Reverse KL Objective – Uses a reverse Kullback‑Leibler loss to align the student’s distribution with a context‑conditioned teacher, encouraging the student to adopt the teacher’s “thought process.”
Experiential Knowledge Distillation – Shows how models can extract and consolidate reusable knowledge from their own past solution traces (e.g., previous math steps, game moves).
System Prompt Distillation – Demonstrates that optimized prompts (often hand‑crafted or discovered via prompt‑engineering) can be baked into the model weights, removing the need for external prompting at inference time.
Cross‑Size Distillation – Validates that a compact student can inherit experiential knowledge from a much larger teacher, enabling efficient model deployment.
Broad Empirical Coverage – Benchmarks across mathematical reasoning, text‑based games, and domain‑specific tasks, consistently beating strong baselines while preserving out‑of‑distribution (OOD) performance.

Methodology

Teacher & Student Setup – The teacher model receives the full context (e.g., a prompt plus any external knowledge) and generates a probability distribution over the next token. The student only sees the prompt (no extra context).
On‑Policy Trajectory Generation – The student samples its own output sequences (its “policy”) on the training data. These self‑generated trajectories become the training examples.
Reverse KL Distillation – For each student‑generated token, the loss is the reverse KL divergence KL(teacher || student). This pushes the student to increase probability mass on tokens the teacher deems likely, effectively teaching the student to mimic the teacher’s reasoning given the missing context.
Iterative Refinement – The process repeats: the student improves, generates better trajectories, and the teacher (fixed or slowly updated) continues to provide the contextual guidance.
Applications –
- Experiential Knowledge: The teacher is a version of the model that has access to its own historical solution traces; the student learns to embed those traces into its parameters.
- System Prompt: The teacher is prompted with an engineered prompt that yields desirable behavior; the student learns to reproduce that behavior without the prompt.

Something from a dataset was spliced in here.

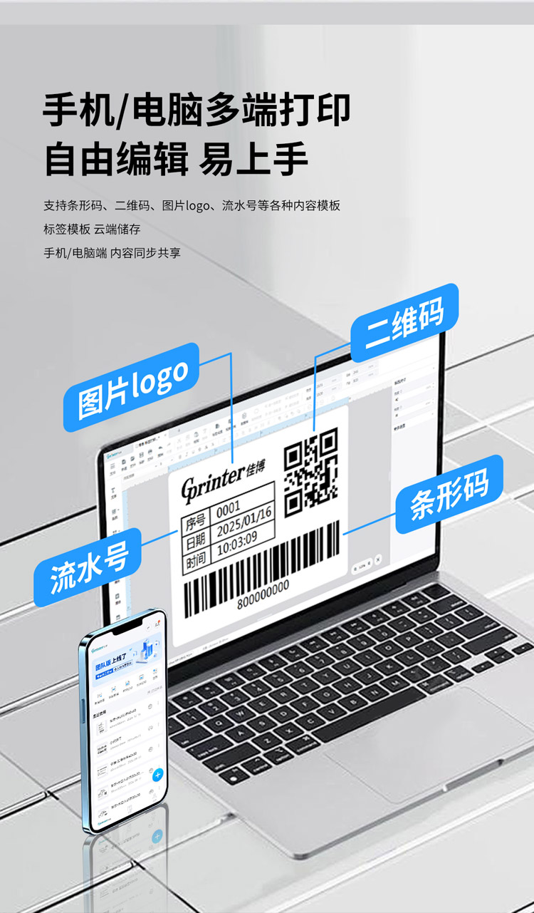 為了滿足不同行業(yè)的標(biāo)簽打印需求,佳博編輯軟件配置了豐富的標(biāo)簽?zāi)0鍘?kù)。這些模板涵蓋了餐飲、零售、物流、醫(yī)療等多個(gè)領(lǐng)域,用戶只需一鍵即可套用,極大地節(jié)省了時(shí)間和精力。同時(shí),打印機(jī)還支持手機(jī)/電腦多端打印,用戶可以在任何設(shè)備上自由編輯標(biāo)簽內(nèi)容,實(shí)現(xiàn)云端存儲(chǔ)和同步共享,讓標(biāo)簽打印更加便捷高效。

The whole pipeline is lightweight: it requires only forward passes through the teacher and student, no external reward models, and can be run on standard GPU clusters.

Results & Findings

Task	Baseline (e.g., standard fine‑tuning)	OPCD	Accuracy Δ	OOD Retention
Math reasoning (MATH)	71.2%	78.5%	+7.3 pts	No drop (≈71% vs 71.2%)
Text‑based game (Jericho)	62.4%	68.9%	+6.5 pts	Slight improvement
Domain‑specific QA (Legal)	68.0%	74.3%	+6.3 pts	Maintained 66% vs 68% baseline

Cross‑size distillation: A 1.3B student distilled from a 13B teacher achieved 75% of the teacher’s performance on the math benchmark, while a vanilla 1.3B model lagged at 62%.
Prompt‑free inference: After system‑prompt distillation, the student matched the teacher’s prompt‑augmented performance without needing the prompt at runtime, cutting inference latency by ~30%.
OOD robustness: Unlike aggressive fine‑tuning, OPCD preserved the model’s ability to answer unrelated queries, confirming that the distilled knowledge integrates rather than overwrites existing capabilities.

Practical Implications

Smaller Deployments: Companies can ship compact models that still carry the “experience” of larger, more expensive systems—useful for edge devices, mobile apps, or cost‑sensitive SaaS.
Prompt‑Engineering Savings: Once a high‑performing prompt is discovered (often via costly RLHF or manual tuning), OPCD can bake that behavior into the model, eliminating runtime prompt handling and reducing latency.
Continuous Learning Pipelines: Teams can let production models log their own solution traces (e.g., bug‑fix suggestions, code completions) and periodically run OPCD to internalize successful patterns, creating a self‑improving loop without external data curation.
Domain Adaptation: For regulated industries (finance, healthcare, law), OPCD offers a way to embed proprietary knowledge bases into the model while keeping the base model’s general language abilities intact.
Simplified Inference Stack: By removing the need for external context (prompts, retrieval modules), OPCD streamlines the inference architecture, easing scaling and monitoring.

Limitations & Future Work

Teacher Dependence: The quality of distilled knowledge hinges on the teacher’s context handling; a poorly engineered prompt or noisy historical traces can propagate errors.
Computational Overhead: Generating on‑policy trajectories for large datasets can be costly, though still cheaper than full RLHF pipelines.
Scope of Knowledge Transfer: OPCD excels at procedural or prompt‑driven behaviors but may struggle with highly factual, encyclopedic knowledge that requires external grounding.
Future Directions: The authors suggest exploring multi‑teacher ensembles, adaptive KL weighting to balance preservation vs. acquisition, and integrating retrieval‑augmented generation to broaden the range of distillable knowledge.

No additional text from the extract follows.